What is required - Return exactly the lines of the entries that start at the line containing "Россия, Горный Алтай." and continue to the last line. Omit the pictures.

Listed records -
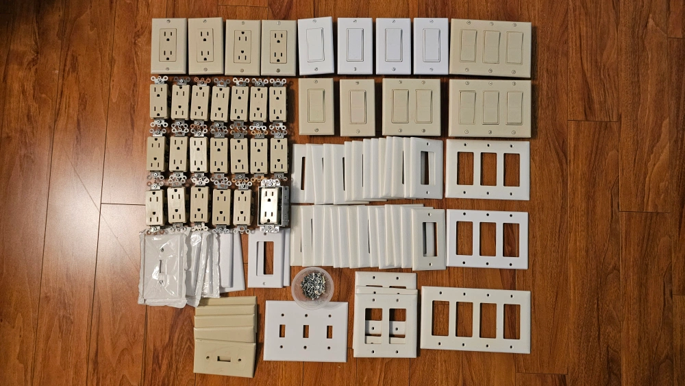 Selling a variety of electrical outlets and switch plates. There's a mix of single, double, and triple gang switch plates, along with standard outlets. Perfect for renovations or stocking up!
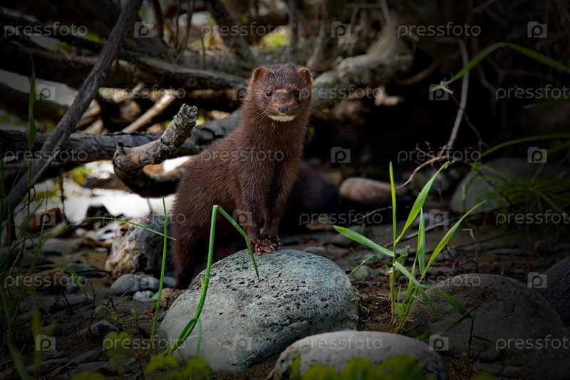 Россия, Горный Алтай. Любопытная норка позирует возле своего жилища в таежной глуши
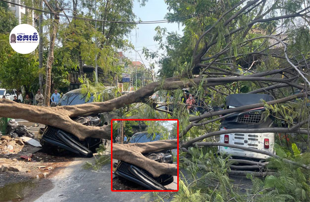 ភ្នំពេញ ៖ ដើមក្ងោក ១ដើម នៅសុខៗបានរលំសង្កត់ម៉ូតូកង់បី និងរថយន្ត បណ្តាលឲ្យខូចខាត តែមិនបង្កឲ្យមនុស្សរងរបួសទេ ។
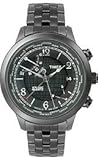 Timex T2N614, Casual watch, Quartz movement, Multifunction featuring 24-hour world time and season (differentiates between Standard/Daylight Saving Time) subdials, Analog world time function displays current time in 24 cities, Home time zone setting, Polished silver-tone sword hands and sweep seconds with additional fourth world time hand, Polished silver-tone hands mark subdials, Applied polished silver-tone Arabic numbers mark twelve, two, six and eight o'clock, Applied polished silver-tone baton markers, White print/Arabic numbers mark subdials, White indices form surrounding ornamental minute track, City names mark outer concave ring, INDIGLO® night-light, Analog date aperture at three o'clock, Brushed charcoal dial with polished black globe graphic and polished white logo applique at two o'clock, Brushed black stainless steel bracelet with polished inserts, adjustable links and push-button-clasp, Brushed/polished black stainless steel round case, Textured black steel crown with engraved globe graphic, Polished black steel selector buttons, Stainless steel caseback, Mineral crystal, 100 meters/330 feet water resistant ...
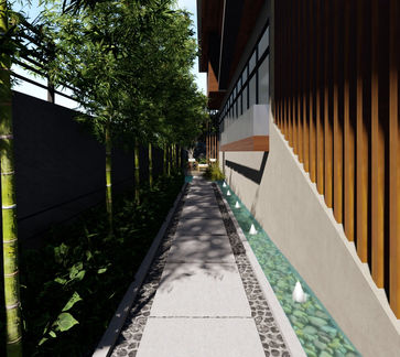 The design features mainly low-maintenance plant species and layouts. Despite this, the designer did not compromise any aesthetic or functional value, rather, created a more minimalistic approach on the area. The water features, on the other hand, at the back and front yards add to the softness of the other areas, such as: the spill-over of the living room, alfresco, and "grill-numan", as per request of the client.

Answer to this task -
 Россия, Горный Алтай. Любопытная норка позирует возле своего жилища в таежной глуши
 ភ្នំពេញ ៖ ដើមក្ងោក ១ដើម នៅសុខៗបានរលំសង្កត់ម៉ូតូកង់បី និងរថយន្ត បណ្តាលឲ្យខូចខាត តែមិនបង្កឲ្យមនុស្សរងរបួសទេ ។
 Timex T2N614, Casual watch, Quartz movement, Multifunction featuring 24-hour world time and season (differentiates between Standard/Daylight Saving Time) subdials, Analog world time function displays current time in 24 cities, Home time zone setting, Polished silver-tone sword hands and sweep seconds with additional fourth world time hand, Polished silver-tone hands mark subdials, Applied polished silver-tone Arabic numbers mark twelve, two, six and eight o'clock, Applied polished silver-tone baton markers, White print/Arabic numbers mark subdials, White indices form surrounding ornamental minute track, City names mark outer concave ring, INDIGLO® night-light, Analog date aperture at three o'clock, Brushed charcoal dial with polished black globe graphic and polished white logo applique at two o'clock, Brushed black stainless steel bracelet with polished inserts, adjustable links and push-button-clasp, Brushed/polished black stainless steel round case, Textured black steel crown with engraved globe graphic, Polished black steel selector buttons, Stainless steel caseback, Mineral crystal, 100 meters/330 feet water resistant ...
 The design features mainly low-maintenance plant species and layouts. Despite this, the designer did not compromise any aesthetic or functional value, rather, created a more minimalistic approach on the area. The water features, on the other hand, at the back and front yards add to the softness of the other areas, such as: the spill-over of the living room, alfresco, and "grill-numan", as per request of the client.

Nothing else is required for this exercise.